Thomas has the same questions. He doesn’t believe in fairy tales. He is the one in our lives who cries “Humbug!” and points out the little man standing behind the curtain who calls himself the wizard. His questions are direct, exposing, even jarring, yet his guilelessness is a gift. When the stakes are high, the uncomfortable, straightforward question is the one that saves the day.
Like in the scene at the disciples’ final meal with Jesus. Supper was about over, most of the dishes had been cleared, and Jesus picked up a scrap of bread and starting talking about his death. “Little children,” Jesus said, “I am with you only a little while longer… Do not let your hearts be troubled. Give your heart to God, give your heart also to me. In my father’s house there are many dwelling places. If it were not so, would I have told you that I go to prepare a place for you? And if I go and prepare a place for you, I will come again and take you to myself, so that where I am, there you may be also. And you know the way to the place where I am going.”

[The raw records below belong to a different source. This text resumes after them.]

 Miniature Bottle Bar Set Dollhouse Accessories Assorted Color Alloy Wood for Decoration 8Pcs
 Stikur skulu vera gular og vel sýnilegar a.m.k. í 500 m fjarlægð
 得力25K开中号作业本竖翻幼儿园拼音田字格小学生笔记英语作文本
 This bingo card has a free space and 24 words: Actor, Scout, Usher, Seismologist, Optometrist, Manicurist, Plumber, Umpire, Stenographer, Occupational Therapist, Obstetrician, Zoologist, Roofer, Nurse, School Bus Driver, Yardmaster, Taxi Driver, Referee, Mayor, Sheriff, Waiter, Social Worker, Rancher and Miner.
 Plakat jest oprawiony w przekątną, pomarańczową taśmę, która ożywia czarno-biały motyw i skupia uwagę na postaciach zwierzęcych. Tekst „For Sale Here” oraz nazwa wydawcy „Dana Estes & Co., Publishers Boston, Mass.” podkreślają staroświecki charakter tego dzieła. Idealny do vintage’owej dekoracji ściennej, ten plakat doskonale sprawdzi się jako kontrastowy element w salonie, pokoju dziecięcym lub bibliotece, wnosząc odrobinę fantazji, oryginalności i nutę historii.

No one else said a word, but Thomas couldn’t hold back. “Jesus, I have no idea where you are going, and I don’t know the way to get there.” “I am the way” is what Jesus told him, perhaps one of the most difficult pieces of poetry ever spoken, hard to understand and harder to know what to do with. You can imagine Thomas’ internal dialogue—Jesus isn’t a way. He is a man. Why is he talking in riddles?—yet Thomas’ voiced struggle conjures a metaphor from the Holy One that has made all the difference. “How can we know the way?’ Thomas asks. “The way is about human thriving,” Jesus suggests, “about choosing life over death and violence, about loving everyone without regard for tribe, about aiming for right action instead of right belief.”

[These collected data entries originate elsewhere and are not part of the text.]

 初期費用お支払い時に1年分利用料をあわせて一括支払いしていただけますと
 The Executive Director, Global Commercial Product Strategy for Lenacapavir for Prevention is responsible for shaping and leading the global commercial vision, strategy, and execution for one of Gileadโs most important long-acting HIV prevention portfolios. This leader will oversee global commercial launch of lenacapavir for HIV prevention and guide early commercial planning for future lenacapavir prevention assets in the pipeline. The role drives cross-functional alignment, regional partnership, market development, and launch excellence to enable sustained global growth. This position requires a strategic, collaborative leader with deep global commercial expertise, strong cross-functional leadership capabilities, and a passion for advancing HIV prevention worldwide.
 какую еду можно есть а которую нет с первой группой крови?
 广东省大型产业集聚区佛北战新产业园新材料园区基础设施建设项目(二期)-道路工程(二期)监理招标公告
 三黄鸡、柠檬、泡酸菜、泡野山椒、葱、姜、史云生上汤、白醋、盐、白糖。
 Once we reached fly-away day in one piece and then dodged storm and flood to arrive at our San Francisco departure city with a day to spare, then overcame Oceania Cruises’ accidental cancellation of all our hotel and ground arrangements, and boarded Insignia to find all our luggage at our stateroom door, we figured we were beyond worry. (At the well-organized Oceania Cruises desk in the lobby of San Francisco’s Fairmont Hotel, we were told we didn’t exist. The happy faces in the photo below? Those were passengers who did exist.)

The story goes that later Thomas was not around at the time when Jesus appeared to the other disciples after his death. They were crowded in a room with the door locked and the shades drawn, scared sick that they’d be the ones to get it next, when suddenly Jesus was present. No writer tells us where Thomas was at the time. I wonder… One good thing about being a concrete thinker and having not too vivid an imagination “is that you are not apt to work yourself up into quite as much of a panic as Thomaas’ friends had.” (Frederick Buechner) Maybe he had just gone out for a walk or a cup of coffee? Or maybe he was running an errand or sitting on a rock some place? Thomas’ reaction to the news of Jesus’ presence was what I would have expected: “I need to see Jesus, too,” he said. “I need to see his wounds and touch them.”

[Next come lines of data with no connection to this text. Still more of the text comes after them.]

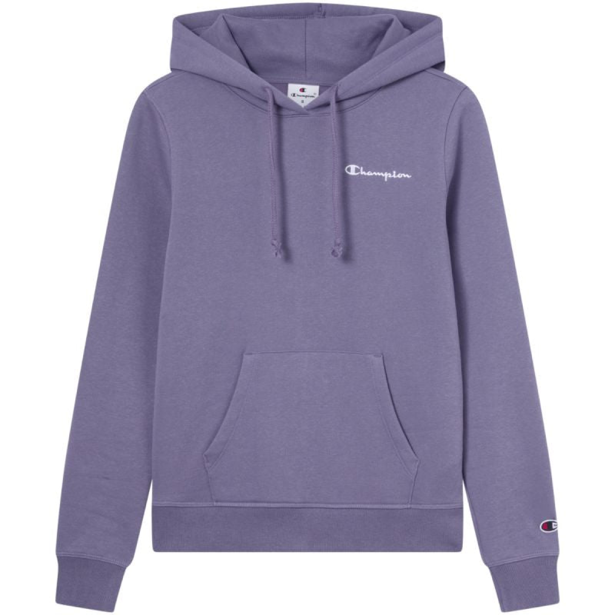 Champion Women's Hooded Sweatshirt, Purple 118403 VS099. This Champion women's sweatshirt is perfect for everyday wear. Slim fit. Ribbed cuffs and hem. Kangaroo pocket. Adjustable hood with drawstring. Subtle logo on the chest. Small logo on the sleeve. Material: 70% cotton, 30% polyester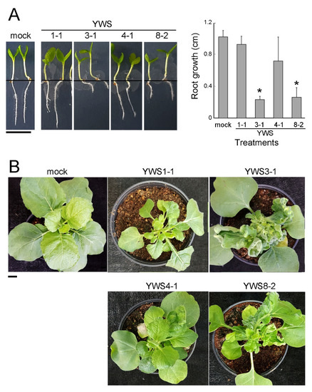 To verify the pathogenicity of the isolated strains using N. benthamiana [19], we selected isolates YWS1-1, YWS3-1, YWS4-1, and YWS8-2 as representative strains according to the vicA-based phylogenetic analysis (Figure 3). Infection of N. benthamiana seedlings with YWS3-1 and YWS8-2 significantly stunted root growth (p ≤ 0.05), whereas inoculations with isolates YWS1-1 and YWS4-1 did not alter growth compared with that of mock-treated control seedlings (Figure 4A). Similarly, the meristems of tobacco plants inoculated with YWS3-1 and YWS8-2 exhibited the typical symptoms of leafy gall, including multiple proliferation of deformed leaves, foliar distortion, and generation of adventitious tissue (Figure 4B). On the other hand, YWS1-1 and YWS4-1 induced less severe symptoms than the other two strains, and they delayed growth and weakened the dominance of the shoot apex compared with mock-inoculated control plants. These symptoms were more pronounced for YWS1-1 than for YWS4-1 (Figure 4B). The bacteria were re-isolated from symptomatic N. benthamiana plant tissues, and vicA PCR analysis confirmed that they were the same bacteria as the inoculated bacteria (data not shown).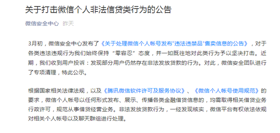 3月18日,微信安全中心公众号发布《关于打击微信个人非法信贷类行为的公告》,对非法发放贷款的用户做出专项清理。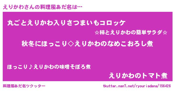 | 男性向けラノベタイトル風あだ名 | 『えりかわに滅ぼされるだけの簡単なお仕事です』 |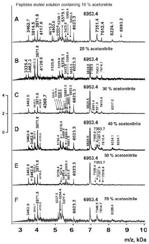 Figure 8. MALDI spectra of oligopeptides 2.5–10 kDa eluted from Tips C18 by different concentrations of acetonitrile for complexes from coelomic fluid (A–F).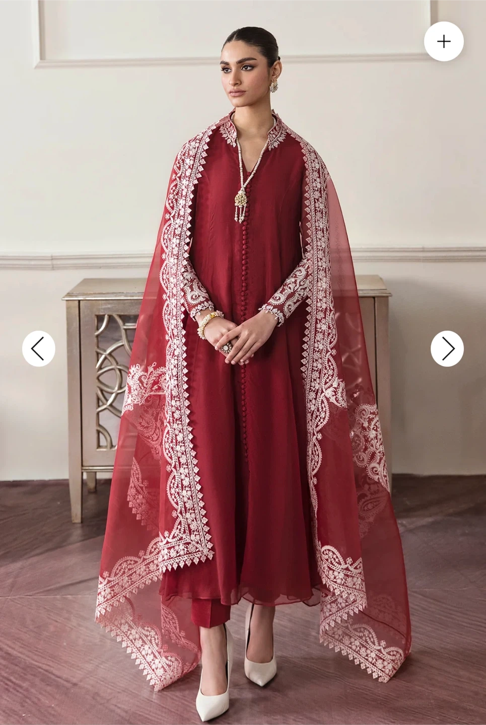 Beautiful burgundy dress with intricate white embroidery on the dupatta. Perfect for special occasions or adding a touch of elegance to your wardrobe For further details please message me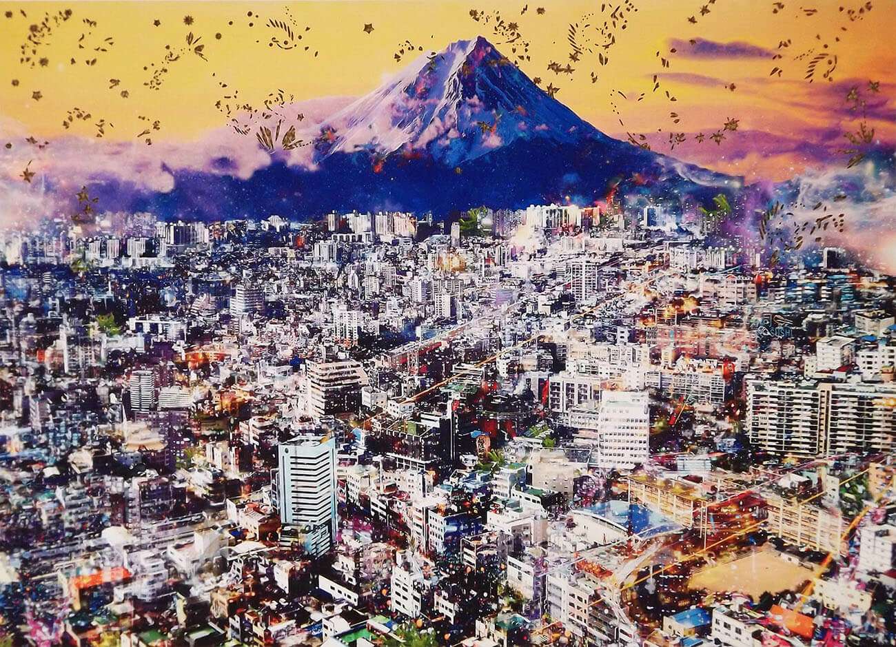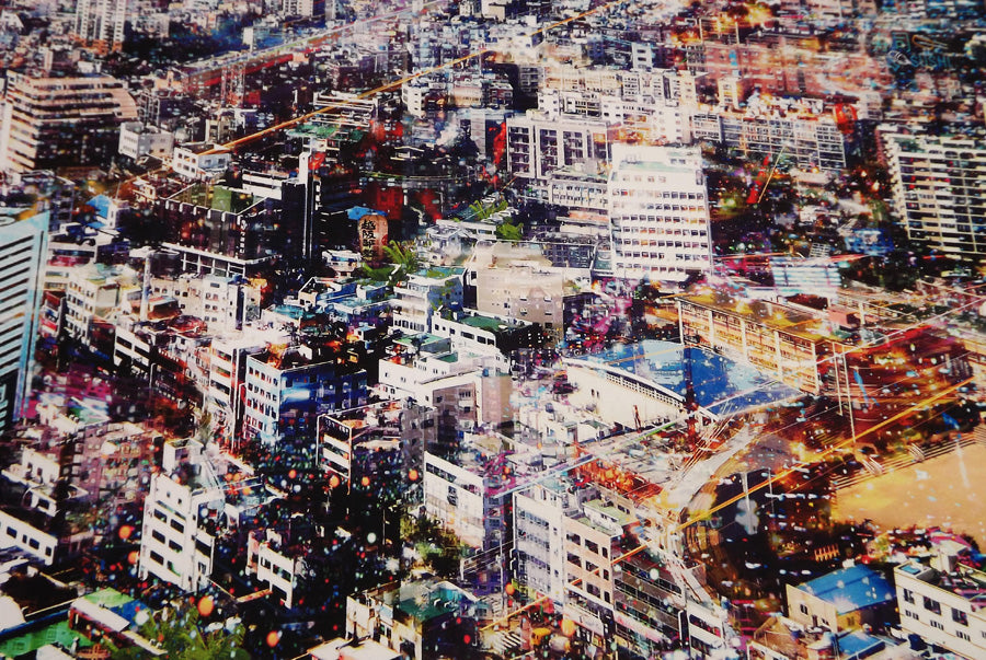 Her practice focuses upon people in our ever-evolving cities. Cities are enticing places teeming with contrasting built forms and man-made chaos, and flowing with pragmatic human activity. They offer an abundance of experiences and sensations, which are constantly in flux and shifting. It is this flux that interests Rebecca. This is represented in her work through a cascading wave of abstracted shapes and lights captured in a single moment.

Fair enough. And Jesus comes to Thomas, and the two touch each other, doubts and wounds and all. And Thomas realizes that this is God.
So really, Thomas and his friends are not so different. Each of them is locked up in one way or another, scattered and scared, perhaps playing a role, worried that someone will pull back the curtain of their lives and see how much their knees are shaking. Us too. To be human is to question and wonder, to shine and to struggle, to be weary and wounded and full of promise, at once. The surprise for Thomas is that God is wounded, too, and that running away from our own brokenness is to hide from God herself. In the place that we are most hard-headed, most scared or angry, most shut down and locked away, most stuck and self-righteous is the place where God is reaching out to touch us.